John Archibald Wheeler, in “Spacetime Physics“ by Edwin F. Taylor
Bruce Springsteen
And I swear I found the key to the universe in the engine of an old parked car
Bruce Springsteen, Growin’ up (1973). A cosmologist, uh?
Thomas Stearns Eliot
We shall not cease from exploration
And the end of all our exploring
Will be to arrive where we started
And know the place for the first time.
Through the unknown, unremembered gate
When the last of earth left to discover
Is that which was the beginning;
At the source of the longest river
The voice of the hidden waterfall
T. S. Eliot, Little Gidding (1942).
Željko Ivezić et al.
It is often said that it takes a 2σ result to convince a theorist that his theory is correct, a 5σ result to convince an observer that an effect is real, and a 10σ result to convince a theorist that his theory is wrong.
Željko Ivezić, Andrew J. Connolly, Jacob T. VanderPlas, and Alexander Gray Statistics,” Data Mining, and Machine Learning in Astronomy: A Practical Python Guide for the Analysis of Survey Data”, Princeton University press.
Ersilia Vaudo et al.
Hidden in the perfection of the spherical shapes of the celestial bodies that shimmer and float in nothingness is the work of gravity, the first and greatest of designers.

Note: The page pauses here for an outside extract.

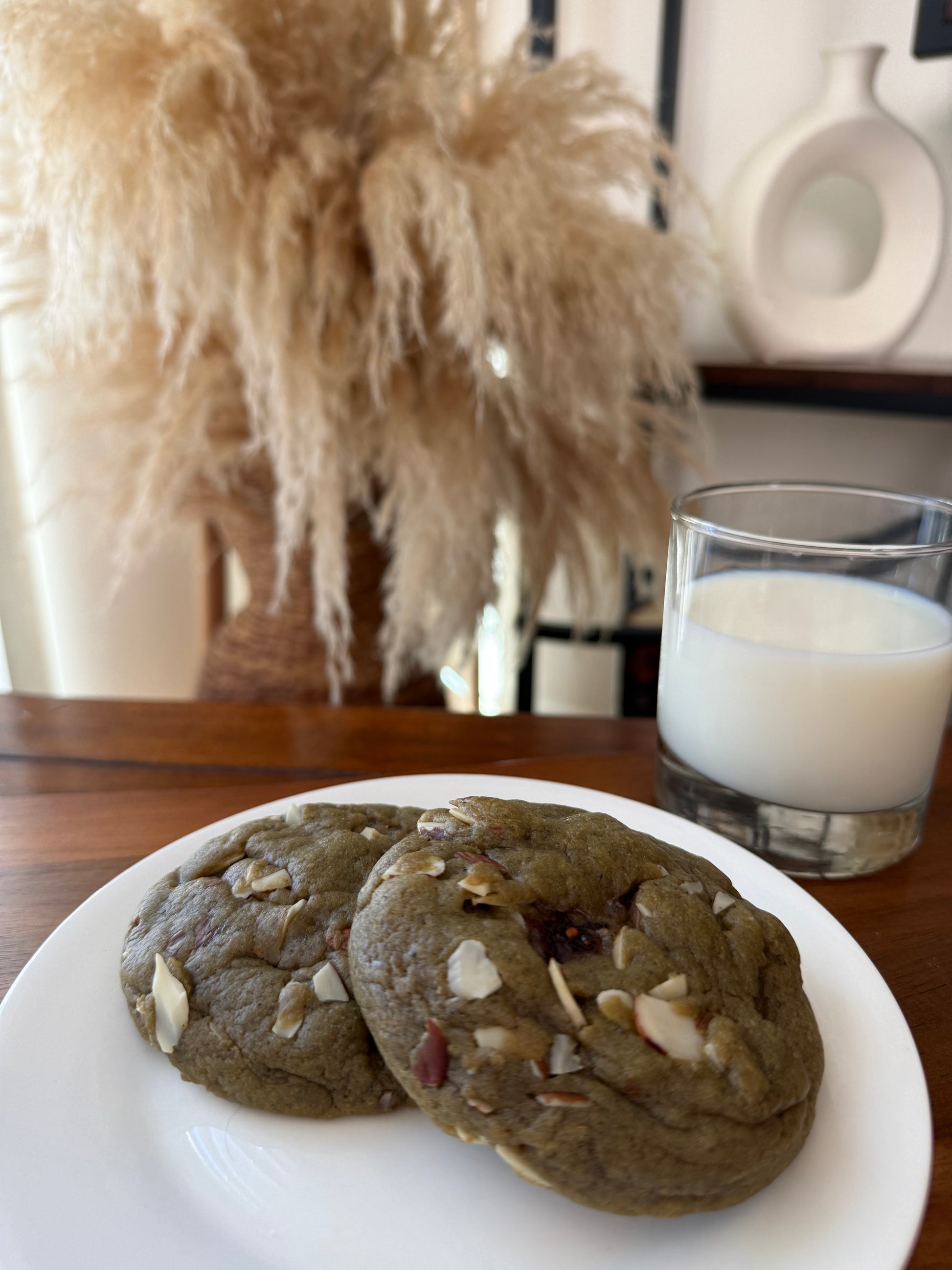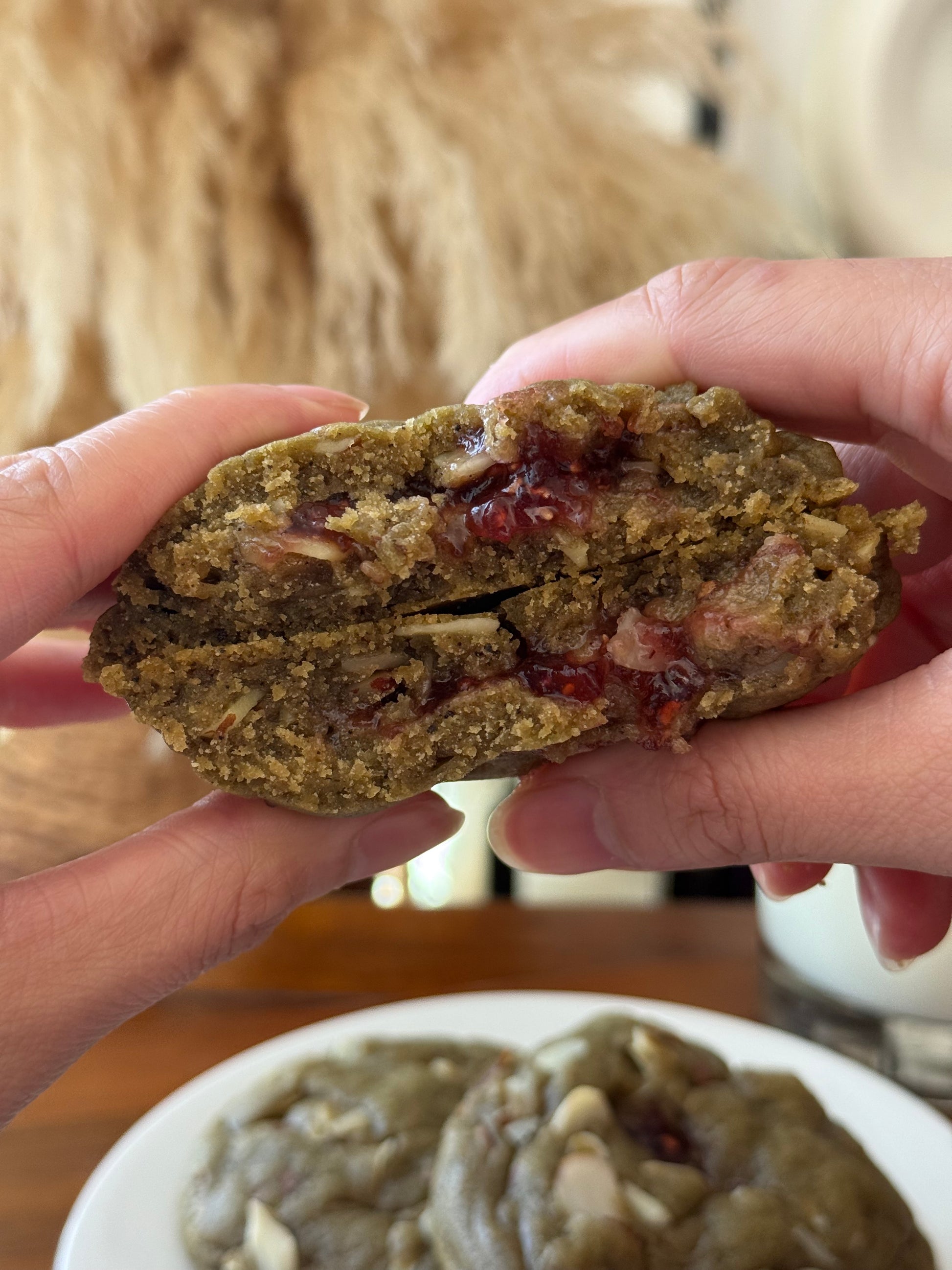 Earthy matcha meets tangy raspberry preserves and crunchy slivered almonds in a vibrant, Instagram-worthy cookie. Crisp edges, soft, chewy center, and bursts of fruity flavor make this cookie as beautiful as it is delicious.

A craftsman whose hand tirelessly shapes the contents of the Universe to which we belong, determined in his quest for perfection.
“Unknown Unknowns” exhibition, edited by Vaudo et al., Milan 2022.
Francis Galton
I know of scarcely anything so apt to impress the imagination as the wonderful form of cosmic order expressed by the “Law of Frequency of Error”. The law would have been personified by the Greeks and deified, if they had known of it. It reigns with serenity and in complete self-effacement, amidst the wildest confusion. The huger the mob, and the greater the apparent anarchy, the more perfect is its sway. It is the supreme law of Unreason. Whenever a large sample of chaotic elements are taken in hand and marshaled in the order of their magnitude, an unsuspected and most beautiful form of regularity proves to have been latent all along.
Sir Francis Galton, Natural Inheritance (1889). Now we call it central limit theorem.